TASK DIRECTIONS: Please report every line in the material below where the word "beetle" is found.

====

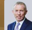
TIMMY DOOLEY Co-President of the ALDE party (Republic of Ireland)
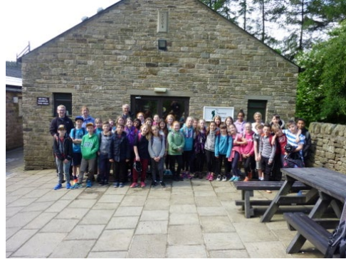
Making new friends for the future
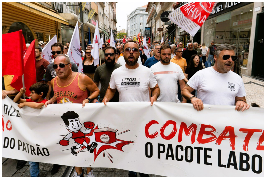
• Workers march through Lisbon during the June general strike.

But Portugal’s militant union federation, the General Confederation of Portuguese Workers (CGTP), had different ideas. They sprung into motion, and over 11 months they carried out several mass marches and two general strikes – one on 11 th December 2025
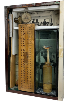
The Spiels of Angeldrom 2021 wood, glass, metal, printed paper, ceramic, soil, metal fixings, compass, perfume lid, cribbage board, draughts & paint 33.2cm x 22.1 x 6.2cm
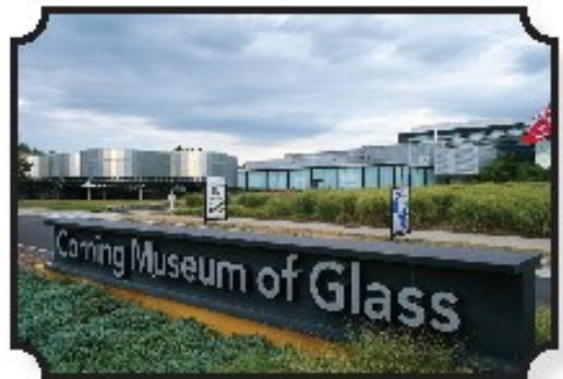
Corning Museum of Glass - Corning, NY
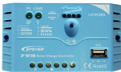
Integrated controller with USB output
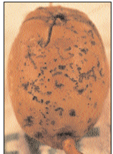
Figure 3. Whitefringed beetle grub feeding damage to sweet potato.

sweet potato roots before harvest. Grubs hatching later in the season will overwinter in the soil and resume feeding and development the following season. The appearance of larval feeding on roots is varied. In central to north Alabama, most damage occurs late in the season (around early September) after roots have enlarged. Grubs often chew a shallow gouge or channel ( \frac{1}{8} to \frac{1}{2} inch wide) across the surface of the root (Figure 3). Grubs may also bore straight into the root, creating a fairly deep, circular scar. Depending on the size of the hole, this damage is similar to that caused by wireworms or cucumber beetle larvae.
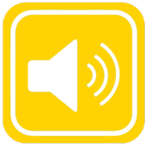
iVENCs Public Address Module
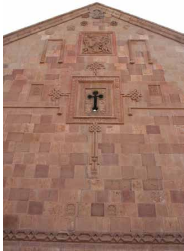
Fig.13. Overview of the east wall of the church. Photo : Golnaz Keshavarz,2011.
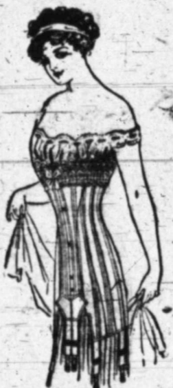
HENDERSON Fashion Form Corsets

Visit our corset department and let our corsetieres explain and show you the many advantages of wearing Henderson Corsets .
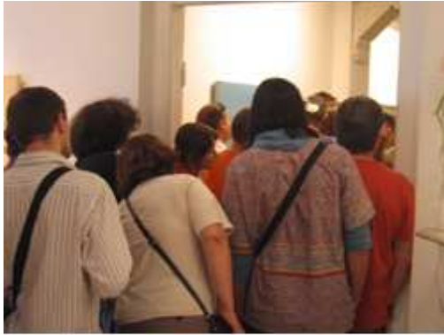
Exploring contemporary art in the museum.
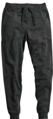
M'S & W'S: CARBON HEATHER

====

OUTPUT BELOW:
Figure 3. Whitefringed beetle grub feeding damage to sweet potato.
sweet potato roots before harvest. Grubs hatching later in the season will overwinter in the soil and resume feeding and development the following season. The appearance of larval feeding on roots is varied. In central to north Alabama, most damage occurs late in the season (around early September) after roots have enlarged. Grubs often chew a shallow gouge or channel ( \frac{1}{8} to \frac{1}{2} inch wide) across the surface of the root (Figure 3). Grubs may also bore straight into the root, creating a fairly deep, circular scar. Depending on the size of the hole, this damage is similar to that caused by wireworms or cucumber beetle larvae.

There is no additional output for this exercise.